This vignette demonstrates how you might use pins and Posit Connect together to automate ETL for a Shiny app. Pulling expensive data manipulation out of your Shiny app is a great way to improve performance, and pins makes it easy to schedule data updates in a way that automatically flows into your app.
Sharing tidied data
Imagine you’re interested in what’s going on in the news, so you’ve written a little code to scrape the BBC world news feed and turn it into a tidy dataset:
library(xml2)
if (interactive()) {
xml <- read_xml("http://feeds.bbci.co.uk/news/rss.xml")
} else {
# Read a saved version of the data to keep this vignette reproducible
xml <- read_xml("bbc-news.xml")
}
items <- xml %>% xml_find_all("//item")
bbc_news <- tibble::tibble(
title = items %>% xml_find_first("./title") %>% xml_text(),
date = items %>% xml_find_first("./pubDate") %>% xml_text(),
url = items %>% xml_find_first("./guid") %>% xml_text()
)
bbc_news
#> # A tibble: 71 × 3
#> title date url
#> <chr> <chr> <chr>
#> 1 Diana interview: PM concerned after inquiry into BBC deceit Fri,… http…

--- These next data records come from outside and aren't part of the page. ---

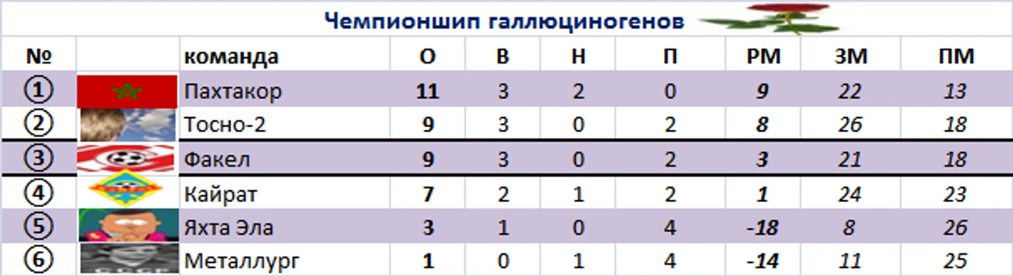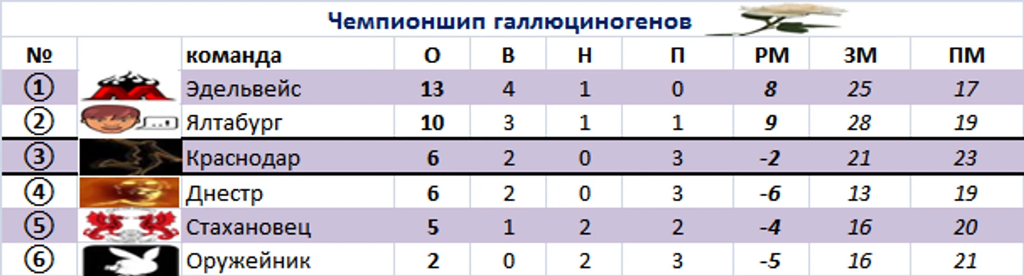 На нейтральное 3-е место претендуют Краснодар с Днестром, у которых по 6 очков, и отстающий от них на 1 пункт Стахановец.
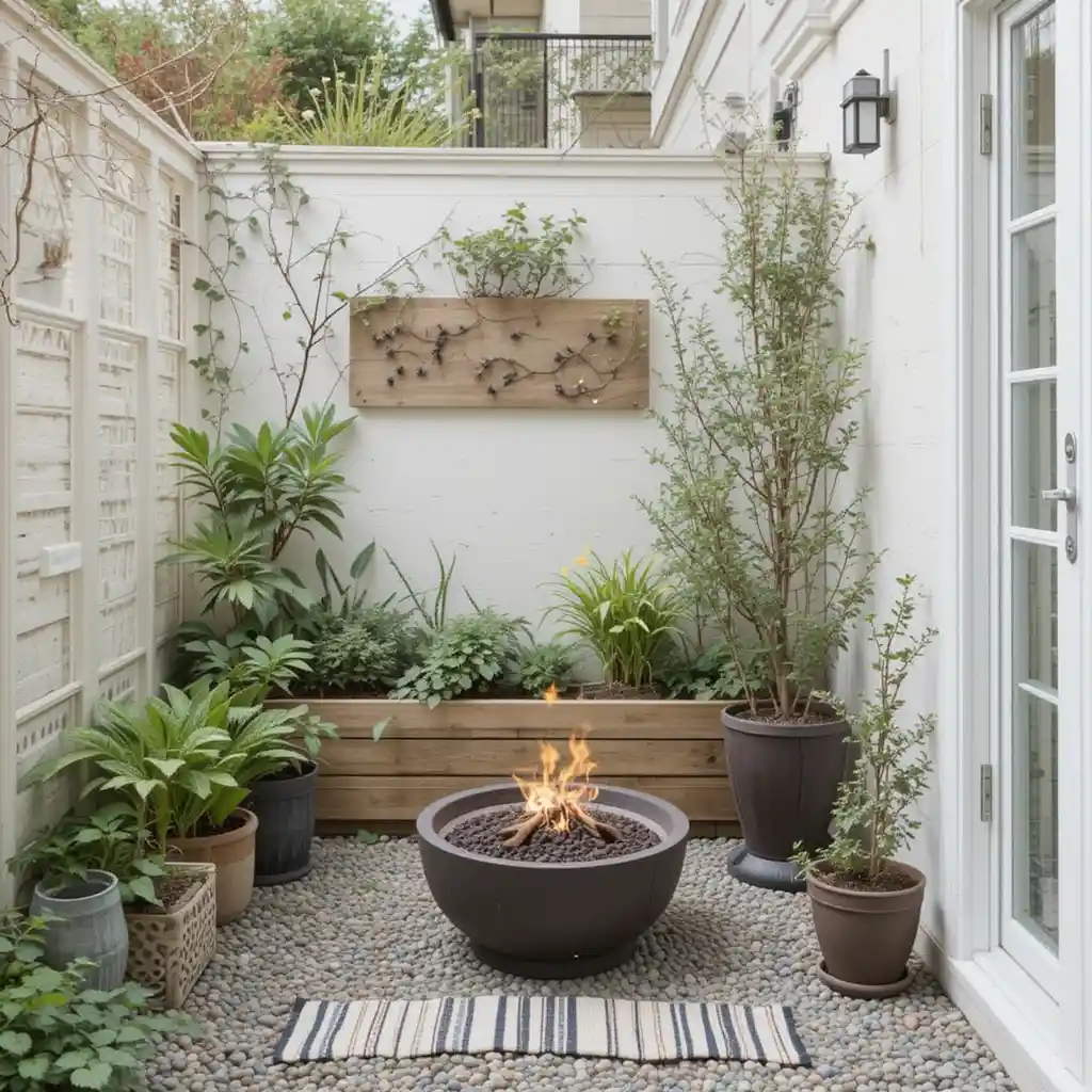 Consider a mini fire pit or tabletop burner to warm up chilly evenings. These small additions turn your garden into a year-round retreat. Small Garden Ideas
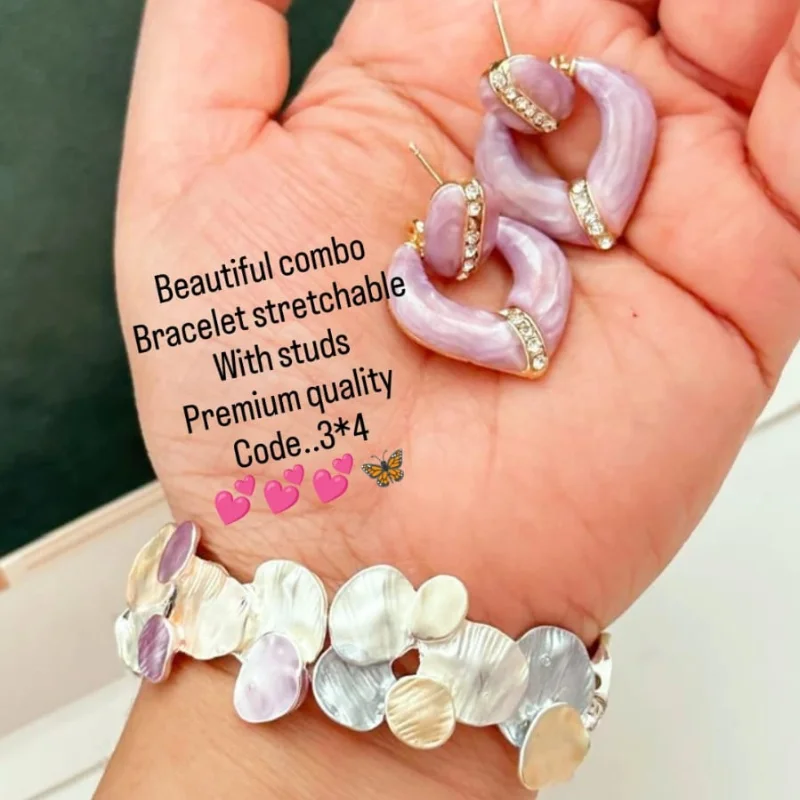 Chic & Mixed-Metal Combo Set: Stretchable Petal Bracelet with Crystal-Accented Marble Hoop Studs
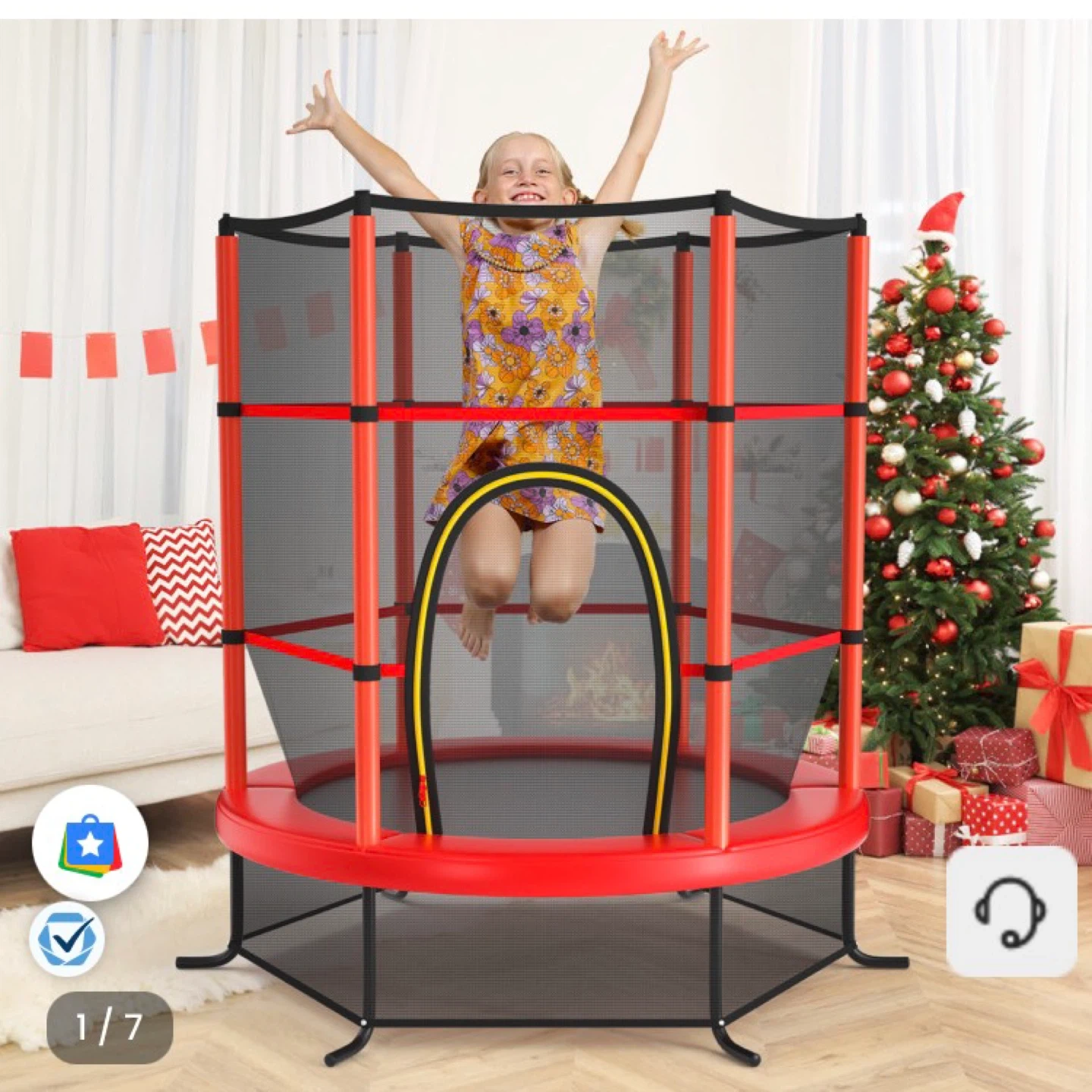 This trampoline is designed for children's indoor or outdoor fun. It features a safety enclosure net to keep jumpers secure. Assembly required from parts in the box.55 inch wide.

#> 2 Covid in Scotland: Glasgow to be only Scottish area in lev… Fri,… http…
#> 3 Prince Harry says heavy drinking masked pain of mum Diana'… Fri,… http…
#> 4 Coronavirus: Spain to lift restrictions for UK and Japanes… Fri,… http…
#> 5 Diana interview: Whistleblower wants apology from BBC boss… Fri,… http…
#> 6 Mayhill: Swansea rioters face robust action, police vow Fri,… http…
#> 7 UK to offer Australia tariff-free trade deal despite farme… Fri,… http…
#> 8 Leonard Blavatnik named UK's richest person with £23bn for… Fri,… http…
#> 9 Lady Gaga had a 'psychotic break' after sexual assault lef… Fri,… http…
#> 10 Big cats seized from park belonging to Tiger King couple Fri,… http…
#> # ℹ 61 more rows
Wouldn’t it be nice to spare your colleagues the work of reproducing this data, and provide them directly with the tidy tibble? That’s easy to do with pins:
board <- board_connect()
board %>% pin_write(bbc_news)
If you open the pin on RSC (e.g. by running
board %>% pin_browse("news_total")
), you’ll see some
metadata about the pin, a preview of the data, and a control panel which
allows you to control who can see the data. Assuming you’ve given your
colleagues access, they can now easily pull down the data for their own
analysis:
board <- board_connect()
board %>% pin_read("your_name/bbc_news")
Automating
Here the underlying data will be changing regularly, but the pinned
data will only change when you run pin_write()
. Wouldn’t it
be great if we could automate that process? One way to do so is with
RSC’s scheduled
reports.
First, take your code and put it in an Rmd:
---
title: BBC news
---
```{r}
library(pins)
library(xml2)
xml <- read_xml("http://feeds.bbci.co.uk/news/rss.xml")
items <- xml %>% xml_find_all("//item")
bbc_news <- tibble::tibble(
title = items %>% xml_find_first("./title") %>% xml_text(),
date = items %>% xml_find_first("./pubDate") %>% xml_text(),
url = items %>% xml_find_first("./guid") %>% xml_text()
)
board <- board_connect()
board %>% pin_write(bbc_news)
```
```{r}
bbc_news
```
Then publish it to Posit Connect, and schedule it to run as often as
you like. Assuming that you have Posit Connect 1.9.0 or later you don’t
need to provide any arguments to board_connect()
; pins will
automatically publish to the same Connect instance that’s running the
report.
Shiny apps
If you’re using automatically updated data in a Shiny app, you can use
pin_reactive_read()
to create a reactive dependency so that
your app will automatically update shortly after the data changes:
library(shiny)
library(pins)
board <- board_connect()
ui <- fluidPage(
titlePanel("News from the BBC"),
htmlOutput("news")
)
server <- function(input, output, session) {
news <- board %>% pin_reactive_read("hadley/bbc_news")
output$news <- renderUI({
title <- htmltools::htmlEscape(news()$title)
links <- paste0("<a href='", news()$url, "'>", title, "</a>")
bullets <- paste0(" <li>", links, "</li>", collapse = "\n")
HTML(paste0("<ul>", bullets, "</ul>"))
})
}
shinyApp(ui, server)
If you deploy this app and watch it while your scheduled reported runs, you’ll see the data update automatically.